Because the international definition of the second (in
the International System of Units, or SI) is based on the cesium atom,
cesium remains the “ruler” for official timekeeping, so technically no
clock can be more accurate than cesium-based standards such as NIST-F1.
The logic clock is based on a single aluminum ion
trapped by electric fields and vibrating at ultraviolet light
frequencies, which are 100,000 times higher than microwave frequencies
used in NIST-F1 and other similar time standards around the world.
Optical clocks thus divide time into smaller units, and could someday
lead to time standards more than 100 times as accurate as today’s
microwave standards. Higher frequency is one of a variety of factors
that enables improved precision and accuracy.
Aluminum is one contender for a future time standard
to be selected by the international community. NIST scientists are
working on five different types of experimental optical clocks, each
based on different atoms and offering its own advantages. NIST’s
construction of a second, independent version of the logic clock proves
it can be replicated, making it one of the first optical clocks to
achieve that distinction. Any future time standard will need to be
reproduced in many laboratories.
Clocks have myriad applications.
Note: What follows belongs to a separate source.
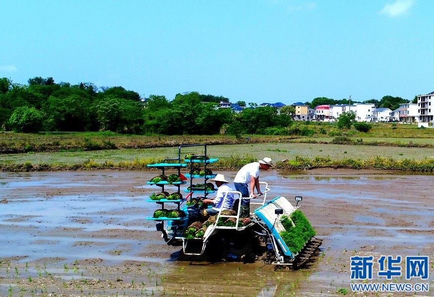 在江西省湖口縣新豐村的連片稻田里,周益和父親周愛霞正駕駛農機來回穿梭。新華網發(fā) 徐會剛 攝
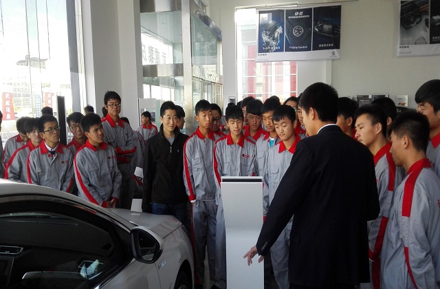 在參觀學習的過程中同學們積極性很高,認真聽取各4S店工作人員對汽車銷售、汽車售后等工作崗位的介紹,并就汽車銷售和維修中一些專業(yè)的問題進行了良好的互動。

The extreme precision
offered by optical clocks is already providing record measurements of
possible changes in the fundamental “constants” of nature, a line of
inquiry that has important implications for cosmology and tests of the
laws of physics, such as Einstein’s theories of special and general
relativity. Next-generation clocks might lead to new types of gravity
sensors for exploring underground natural resources and fundamental
studies of the Earth. Other possible applications may include
ultra-precise autonomous navigation, such as landing planes by GPS.
For more on this story, see the NIST Feb. 4 news
release “NIST’s
Second ‘Quantum Logic Clock’ Based on Aluminum Ion is Now World’s Most
Precise Clock.” [www.nist.gov/public_affairs/releases/logicclock_020410.html]
For additional info on the application of quantum logic to timekeeping,
see the March 6, 2008, NIST news release “NIST
‘Quantum Logic Clock’ Rivals Mercury Ion as World’s Most Accurate
Clock.” [www.nist.gov/public_affairs/releases/logic_clock/logic_clock.html#background]
This work was supported in part by the Office of Naval Research.
* C.-W. Chou, D.B. Hume, J.C.J. Koelemeij, D.J.
Wineland and T. Rosenband. Frequency comparison of two high-accuracy Al+
optical clocks. Physical Review Letters. Forthcoming. A
preprint is available at http://arxiv.org/abs/0911.4527.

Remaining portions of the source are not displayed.